Powell filed his second § 2255 motion in the Western District of Texas on
June 30, 2008. The district court denied the motion as untimely in September 2008
and held that, “[e]ven if not barred by the one-year limitation period, Movant’s
application should be denied as a successive § 2255 motion.” Referencing the
Fifth Circuit’s August 2005 warning, the district court ordered the clerk “to refuse
any further filings on Movant’s behalf without Movant first obtaining leave of this
Court or of the 5th Circuit Court of Appeals.” In a footnote, the district court
wrote: “The Court understands that obtaining leave of court requires a filing, and
that the Clerk has been instructed to refuse any further filings.

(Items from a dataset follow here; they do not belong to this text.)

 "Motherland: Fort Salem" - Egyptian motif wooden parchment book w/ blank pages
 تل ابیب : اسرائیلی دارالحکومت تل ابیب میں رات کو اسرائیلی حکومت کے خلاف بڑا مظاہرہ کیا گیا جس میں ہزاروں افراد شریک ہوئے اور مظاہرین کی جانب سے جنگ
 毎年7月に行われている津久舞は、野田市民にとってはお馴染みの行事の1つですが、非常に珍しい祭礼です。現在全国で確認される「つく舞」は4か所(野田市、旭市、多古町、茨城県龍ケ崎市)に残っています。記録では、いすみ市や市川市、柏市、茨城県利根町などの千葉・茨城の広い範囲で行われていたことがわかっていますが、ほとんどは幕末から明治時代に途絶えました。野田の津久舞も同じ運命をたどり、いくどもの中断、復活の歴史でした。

Accordingly, the
Court suggests that Movant obtain a copy of ‘Catch 22,’ written by Joseph Heller.”
(“Catch-22 sanction”).
In October 2008, Powell filed a motion for leave to file a certificate of
appealability and to appeal to the Fifth Circuit. In addition to arguing that the
September 2008 sanction was unconstitutionally vague, Powell raised arguments
attacking the merits of his underlying conviction. The district court granted
Powell’s motion for leave and directed the clerk to file Powell’s motion as his
“Notice of Appeal and Request for Certificate of Appealability.”

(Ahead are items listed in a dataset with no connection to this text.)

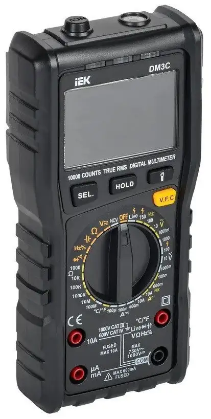 Мультиметр IEK ARMA2L 5 DM3C — это устройство для измерения различных электрических параметров, таких как напряжение, ток, сопротивление и емкость. Он способен измерять постоянное и переменное напряжение до 999 В и до 10 А тока, а также сопротивление до 99 МОм. В мультиметре есть функции проверки диодов и прозвонки, что помогает быстро определить неисправности в электросхемах. Он оснащён подсветкой дисплея для удобства использования в темных местах и автоматическим отключением, чтобы сэкономить батарею. В комплект входят измерительные щупы и удобный футляр для хранения, а батарейка типа AA питает его работу. Благодаря компактным размерам и лёгкому весу — всего 350 г — этот мультиметр удобно брать с собой.
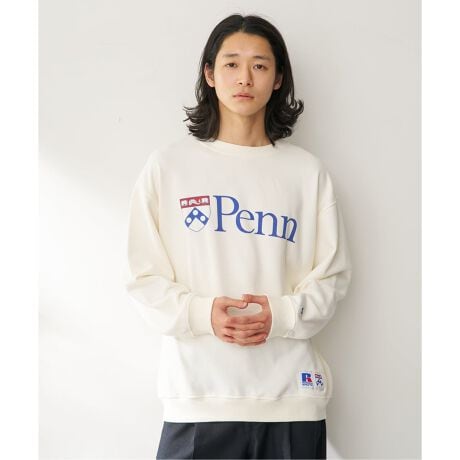 胸元のカレッジロゴが主役になる、存在感のあるクルーネックスウェット。
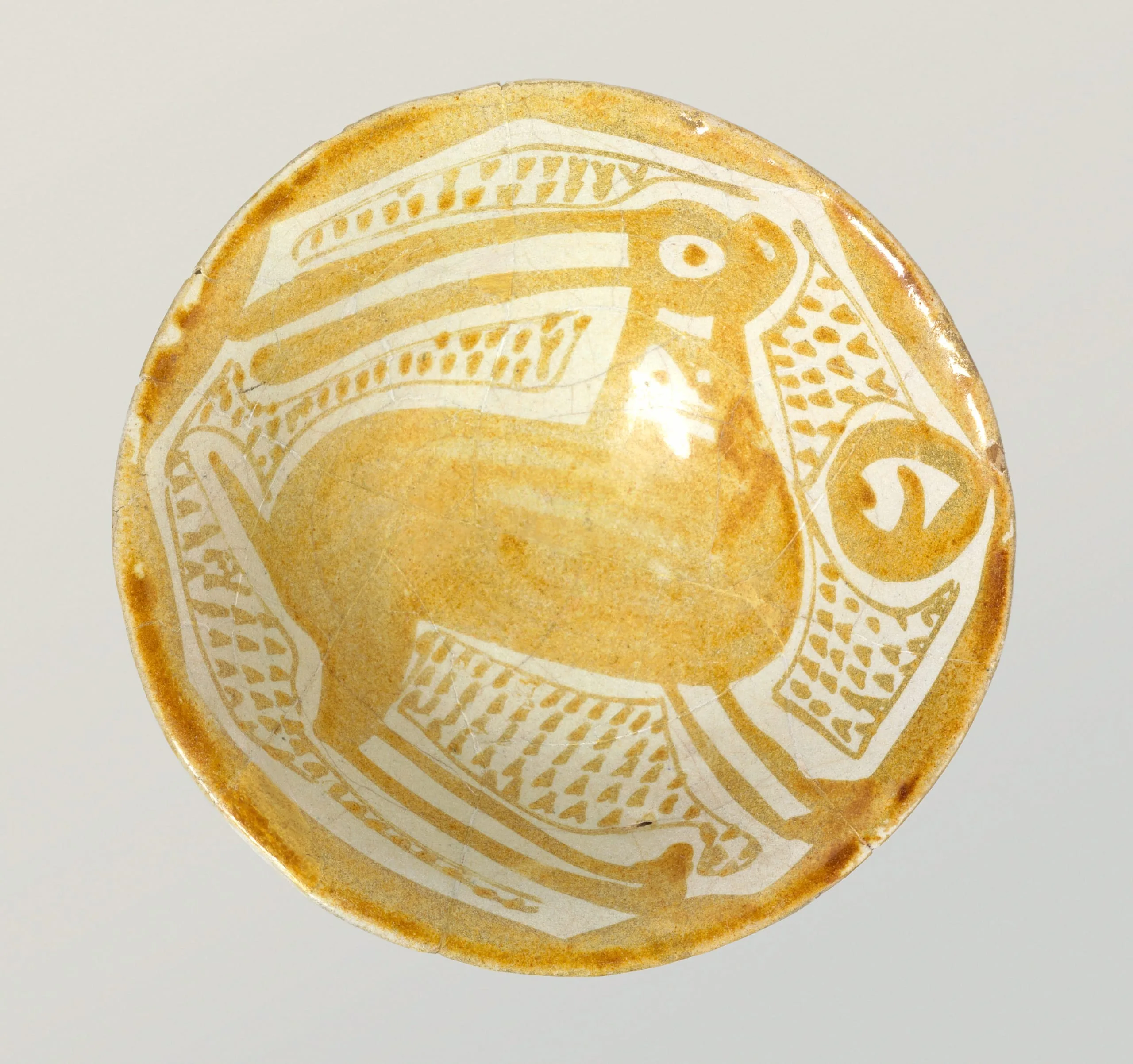 Similar to the use of a rabbit’s foot today, the hare was a symbol of good luck in the medieval Islamic world, particularly in Fatimid-controlled Egypt and Syria. The animal is depicted on many objects from the period, including this luster bowl, where its presence was meant to bring good fortune and perhaps protection to the object’s owner.
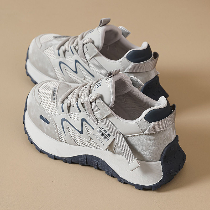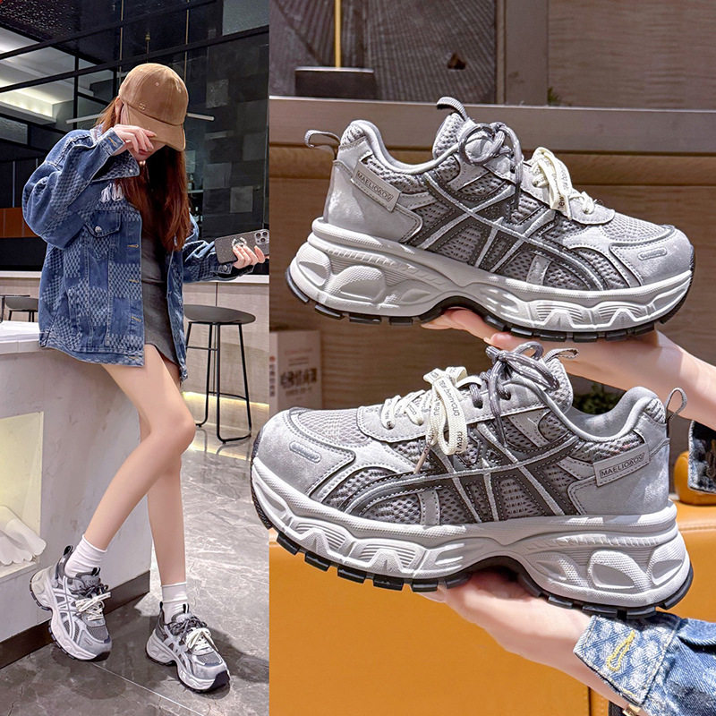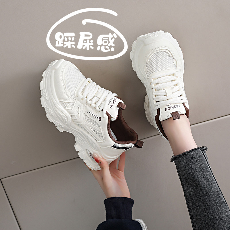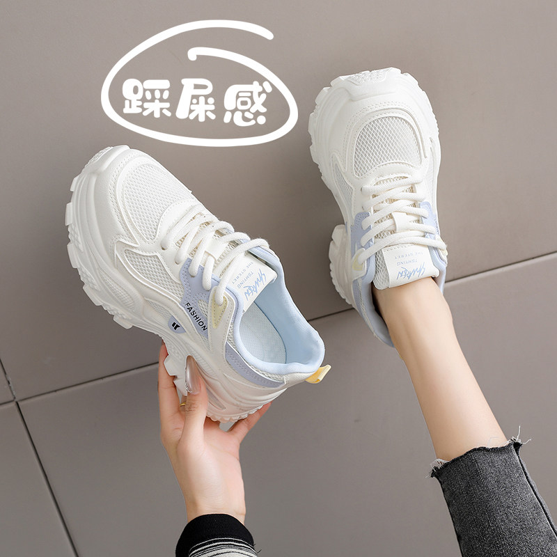米新款~韩版厚底显脚小老爹鞋2026春新款圆头网纱运动休闲跑步鞋
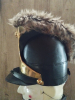 Nachbau eines Kurpfalz-bayerischen Rumford Kaskets Lederhelm ca 1780 - vom Schuhnagel im Schwarzwald hergestellt - Ochsenleder handgezogen , handvernäht , Stirnplatte massiv Messing - Leder / Leineneinsatz - Helm größenverstellbar bis ca. 60 - Kunstfellraupe - NEU - EINZELSTÜCK

The Fifth Circuit denied Powell’s appeal in December 2008. The Fifth
Circuit found Powell’s appeal frivolous, so it sanctioned Powell $100 and
5 prohibited him “from filing in this court or in any court subject to this court’s
jurisdiction any challenge to his conviction or sentence until the total amount of the
sanction imposed on him is paid in full.” The Fifth Circuit then denied Powell a
certificate of appealability in July 2009, this time sanctioning Powell $300 and
again prohibiting him “from filing any pleadings in the district court or this court
concerning the validity of his conviction or sentence until the sanction has been
paid in full unless he first obtains leave of the court in which he seeks to file such
challenge.”
Powell was eventually transferred to a correctional facility in Arizona, and
he filed a petition for habeas corpus under 28 U.S.C. § 2241 in the District of
Arizona. The district court dismissed Powell’s habeas petition for lack of
jurisdiction, which Powell timely appealed. We review de novo a district court’s
decision that it lacks jurisdiction over a § 2241 petition. Allen v. Ives, 950 F.3d
1184, 1188 (9th Cir. 2020).
II. Discussion
“As a general rule, § 2255 provides the exclusive procedural mechanism by
which a federal prisoner may test the legality of his detention.” United States v.
Washington, 653 F.3d 1057, 1059 (9th Cir. 2011) (citation and internal quotation
marks omitted). Section 2255 motions must be brought in the “court which
imposed the sentence,” 28 U.S.C. § 2255(a), which in this case is the Western
6 District of Texas. However, if the remedy sought through a § 2255 motion is
“inadequate or ineffective to test the legality of [the prisoner’s] detention,” see id.
§ 2255(e), the prisoner may petition for a writ of habeas corpus from the federal
district court in the district where the prisoner is in custody. 28 U.S.C. § 2241.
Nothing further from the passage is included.